Q. And what does that imply?
A. Perhaps the problems are much finer. Perhaps there are genes that only affect inhibitory neurons and, therefore, create problems in the generation of these cells, in their migration, in their connectivity. We know more and more about which genes are important in developing these diseases. What we still do not fully understand is when and in what population of cells this deviation from normal brain development occurs. There are probably at least 60 types of excitatory neurons and another 60 types of inhibitory neurons in the cerebral cortex.
Q. The plasticity of the brain is amazing.

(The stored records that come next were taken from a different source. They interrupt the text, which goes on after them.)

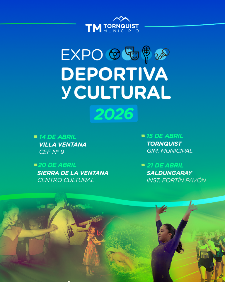 Tornquist Municipio invita a las instituciones del distrito a participar de la Expo Deportiva y Cultural, que se llevará a cabo entre el 14 y el 21 de abril en diferentes localidades.
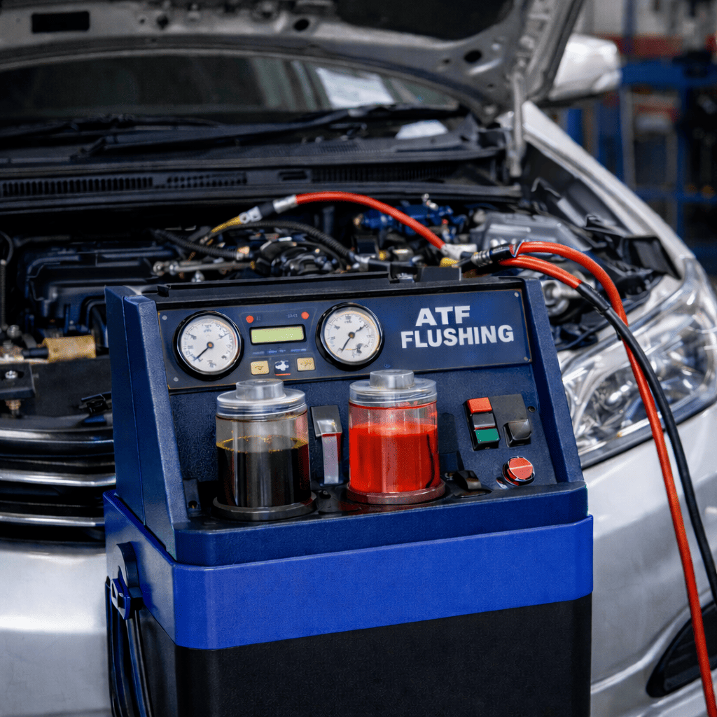Flushing oli matic adalah proses penggantian oli transmisi secara menyeluruh dengan menggunakan alat khusus, sehingga seluruh oli lama yang berada di dalam sistem transmisi dapat dikeluarkan secara maksimal, termasuk oli yang tersimpan di dalam torque converter serta di saluran-saluran kecil yang sulit dijangkau. Dengan demikian, proses ini tidak hanya sekadar mengganti oli, melainkan juga memastikan bahwa sisa-sisa cairan lama benar-benar terangkat dari seluruh bagian sistem.
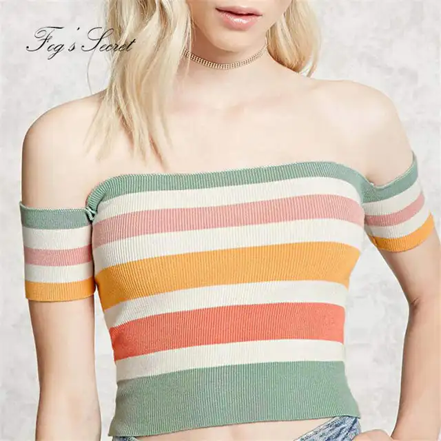 Women Sexy Tight T Shirt Clothing Short Knitted High Elasticity Rainbow Striped Slash Neck Casual Nice Tees Tops Tee Top T Shirt Woment Shirt Aliexpress
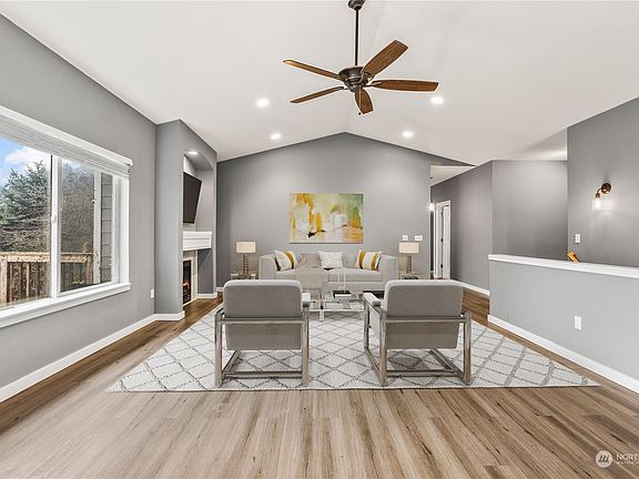 This is a perfect blend of updates and privacy! Welcome to this beautifully remodeled 5-bedroom, 3-bathroom home perched on a spacious lot with breathtaking valley views! Located in the serene and sought-after community of Orting, this property offers both comfort and versatility, featuring a thoughtfully designed lower level that can be easily converted into a full separate living unit—perfect for guests, or additional rental income.The main level boasts an open-concept layout with stylish finishes, a modern kitchen with updated appliances, and abundant natural light through large windows framing picturesque valley vistas. Upstairs, you’ll find spacious bedrooms, including a primary bedroom with an en-suite bathroom.
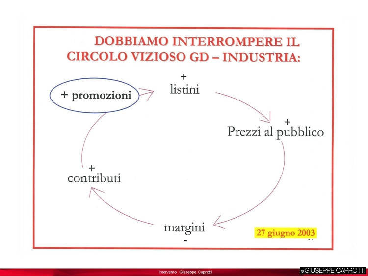 Sotto lo schema del “classico” circolo vizioso dei contratti annuali Industria – Grande Distribuzione , dove ad ogni rinnovo l’industria proponeva incrementi di listini che non riflettevano incrementi di costi reali ma anticipavano future richieste della grande distribuzione ( e cioè contributi promozionali, volti a compensare perdite di margine). Questo schema venne presentato dal sottoscritto a Centromarca nel 2003 (*).
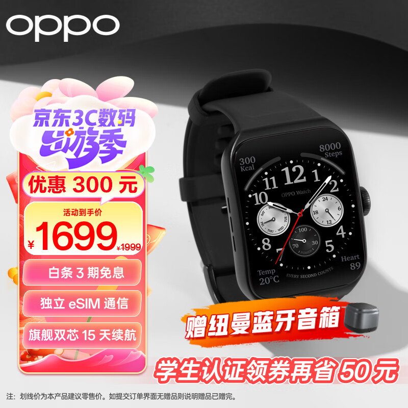 OPPO Watch 3 Pro 铂黑 全智能手表 健康运动手表男女eSIM电话手表 血氧心率监测 适用iOS安卓鸿蒙手机价格:1999.00元!
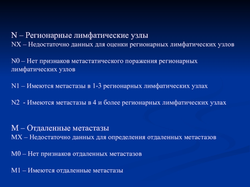 N2 - Имеются метастазы в 4 и более регионарных лимфатических узлах
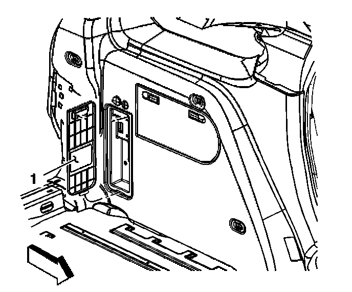 The service parts identification label (1) is located on the inside of the rear bumper fascia access hole cover. Refer to RPO Code List for a definition of the codes that are printed on the service parts identification label or referred to in this service information.
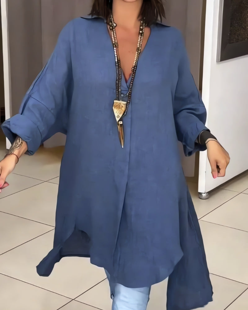 ELEINA - CASUAL SHIRT DRESS IN COTTON AND LINEN
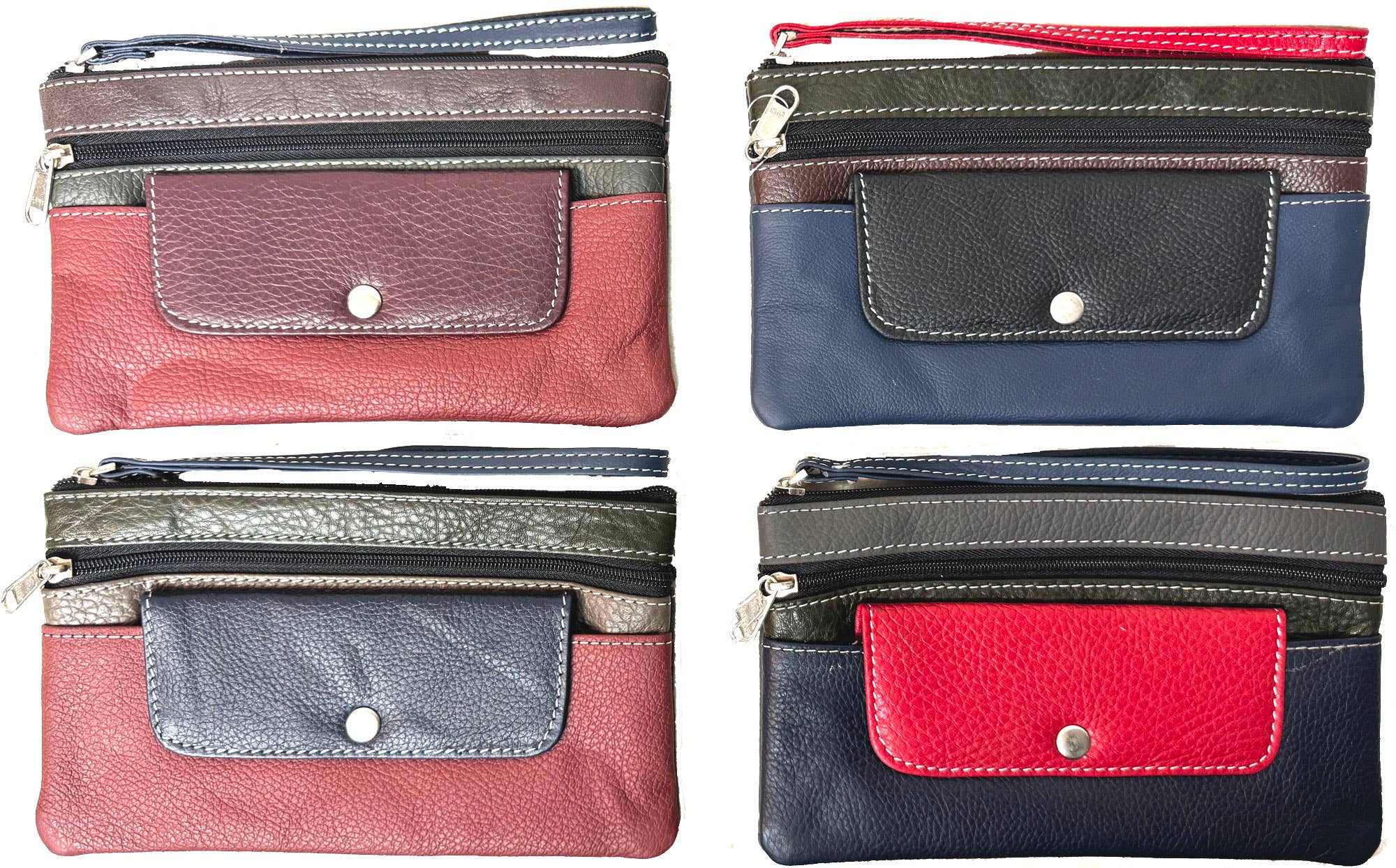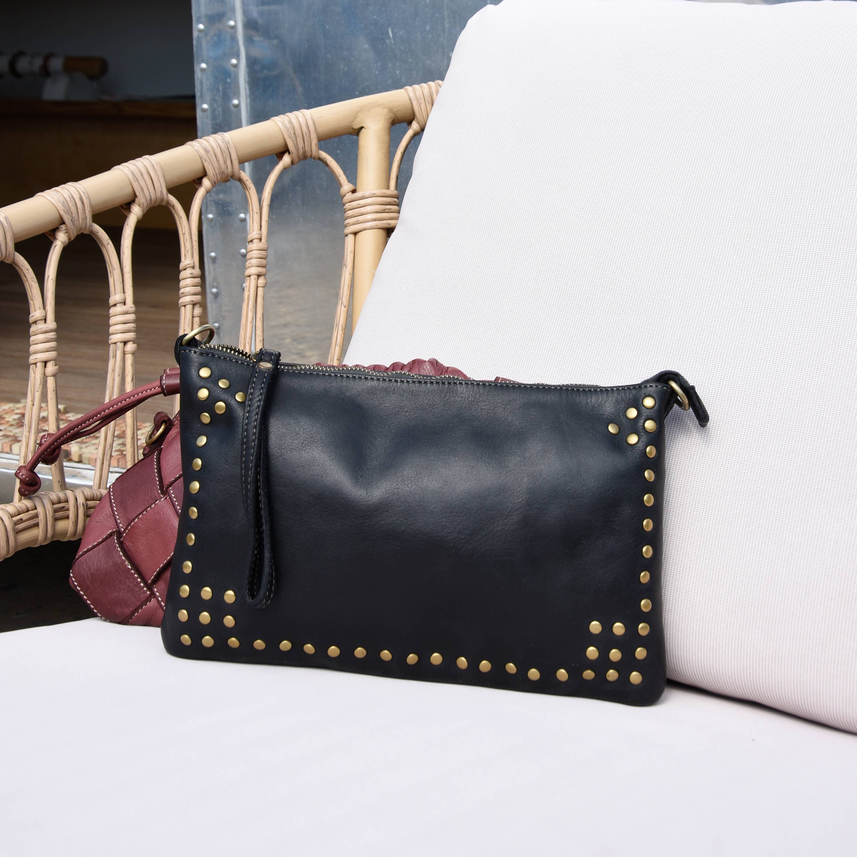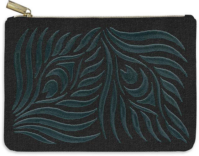 Small embossed lambskin leather pouch. Fully lined with 100% cotton. 1 inside pocket. Wristlet included. Combining versatility and sustainability, this pouch is made from salvaged embossed leather.

A. It’s really fascinating to see how plastic the brain is. You do very radical experiments, where you alter very important things, and yet the developing brain has the ability to adapt. There is a widespread idea that the brain is like a computer. One would understand developmental illness as missing a piece of the computer, so simply putting it back would be enough. Nothing really works like that in brain development. When a piece is missing, or in the wrong place, the rest of the brain will reorganize and rewire itself to try and fill that role. And that is why there are people who walk around without half of the cerebral cortex or without the cerebellum, spectacular things that in an adult brain would not be compatible with life. However, if they do occur during development, the brain will look for ways to compensate for those deficits. That’s why I think it’s going to be very difficult to understand some of these diseases, in which surely what we observe is the final product of an initial change and subsequent reorganization of the brain.